Gehel triaged this task as High priority.Nov 22 2023, 9:23 AM
Gehel moved this task from Incoming to Quarterly Goals on the Data-Platform-SRE board.

Alright, I had an initial meeting with Traffic team (Brandon & Valentin).

Traffic team meeting summary

The primary concern they had was related to the potential impact on the ATS side of things; in a scenario where Blazegraph is taking a consistently long time to respond, ATS would be impacted due to the large numbers of dangling sockets, which could theoretically impact the rest of production infrastructure (mediawiki, etc).

This isn't necessarily a new problem, it sounds like this is a potential concern they've had with WDQS in general for some time now. One of the possibilities we discussed was to bypass the caching layer entirely and just use LVS, so with respect to these net-new services backed by a single backend host each, it would look like a single backend host behind LVS but avoiding the ATS/caching layer entirely. That eliminates the concern around ATS but does introduce a few drawbacks:

  • (primary drawback) We lose requestctl which is a tremendously useful tool when managing WDQS outages. We'd presumably be going back to the old way of doing things where we'd manually ban at the nginx level when necessary.
  • (not discussed in meeting but realized after-the-fact) We currently rely on trafficserver to handle routing to the miscweb hosts; as such we'd need to spin off separate domains to replicate this functionality
  • Some extra latency would be introduced since we wouldn't be terminating TLS as close to the user. This probably isn't the hugest deal; adding up to 100ms of latency to the user end likely wouldn't break existing usecases.
  • There's some changes to puppet automation, etc that we'd have to make. It sounds like the main one is that tls certs would have to go thru acmechief rather than relying on the cdn. This generates some work on our (Search team) end in creating the corresponding puppet patch(es) but wouldn't be a showstopper.

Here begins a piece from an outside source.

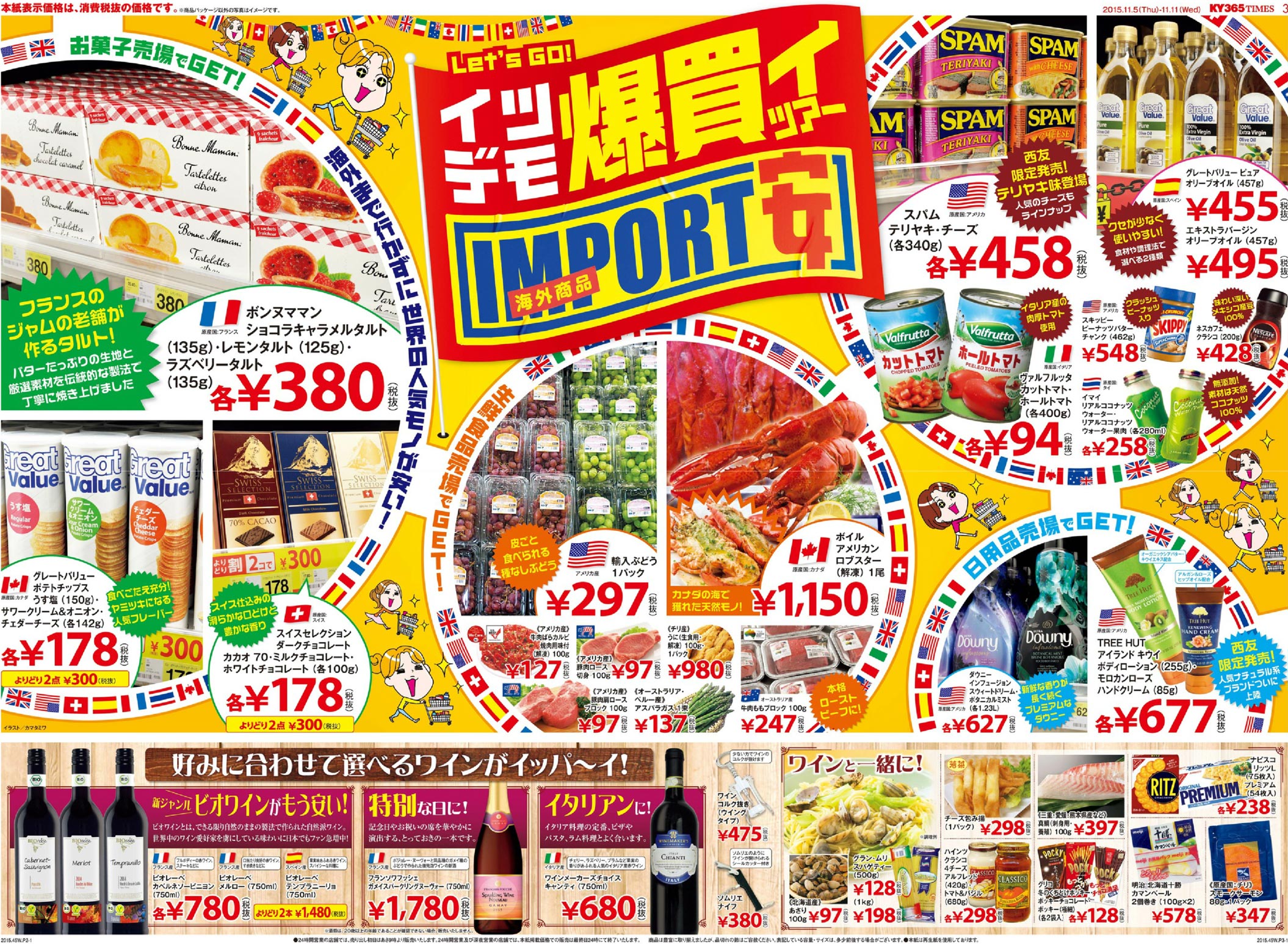 西友2015年11/5号(食品スーパー)のチラシ内容を紹介します。K 海外を中心に、ポップな要素とゴシック系・イラスト使用の表現で構成されたデザインです。

Of the above 3 drawbacks the most painful one is losing requestctl; it's a really great tool. But it might be a worthwhile tradeoff to entirely avoid the possibility of a misbehaving query service impacting non-WDQS production infrastructure like MediaWiki itself. I'd note that I'm not aware of us specifically having encountered that problem (ATS backing up and impacting the rest of prod) in previous WDQS outages, but it's also not something we were going out of our way to look for either.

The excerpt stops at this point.